Numerical and experimental investigation of heat transfer characteristics of liquid flow with Micro-Encapsulated Phase Change Material.

摘要

This numerical and experimental study investigates the heat transfer characteristics and corresponding pressure drop of a liquid flow with Micro-Encapsulated Phase Change Material (MEPCM). In addition, this study numerically explores the effect of presence of MEPCM on the heat transfer characteristics of a liquid in a rectangular cavity driven by natural convection.;Unlike pure liquids, the heat transfer characteristics of MEPCM slurry can not be simply presented in terms of corresponding dimensionless controlling parameters such as Peclet number or Rayleigh number. In the presence of phase change particles, the controlling parameters' values change significantly along the tube length due to the phase change.;In the experimental work, MEPCM mass concentration is varied between 0--20 percent with average particle diameter of 10 microm. Tube wall temperature profile, fluid inlet and outlet temperatures, pressure drop across the tube length are measured and the corresponding Nusselt number is determined for various operating conditions.;The experimental results are used to validate the numerical model predictions. The numerical model results show good agreement with the experimental data under various operating conditions. The good agreements between the numerical predictions and experimental data are partially due to the direct utilization of the actual melting curve of the MEPCM in the numerical simulations. This study identifies the significance of the direct employment of the actual melting curve in the numerical simulations.;The experimental and numerical results show significant enhancements in heat transfer coefficient (higher than 50%) and reduction in tube wall temperature (higher than 40%).

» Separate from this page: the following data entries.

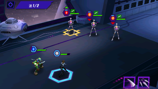 1、忍者神龟传奇游戏中玩家可以收集各种忍者神龟中的强力卡牌角色进行战斗,融入了动漫中的场景。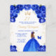 Denna eleganta och glamourösa födelsedagsfestinbjudan har en vacker prinsessa med brunt hår i en kunglig blå balklänning. Texten kombinerar handskriven skrift och moderna sans serif-teckensnitt för en klassisk och sofistikerad look. Blomsterarrangemangen, fjärilen och det gyllene konfettit skapar den perfekta blandningen av rustik och chic.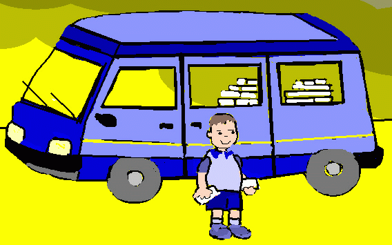 In der Garage parkt ein blauer Campingbus. Darin wird die Schokolade transportiert, die Mama im Laden kauft.

The numerical results reveal that the presence of MEPCM in the working fluid slows the growth of the thermal boundary layer and the strong dependence of the heat transfer coefficient on the location of the melting zone interface.;The effect of MEPCM on the heat transfer characteristics of natural convection in a rectangular cavity driven by two parallel vertical plates at different temperatures is numerically investigated. The numerical results show significant increase in heat transfer coefficient (up to 80%). This increase is a result of the MEPCM latent heat and the increased volume expansion coefficient due to MEPCM volume change during melting.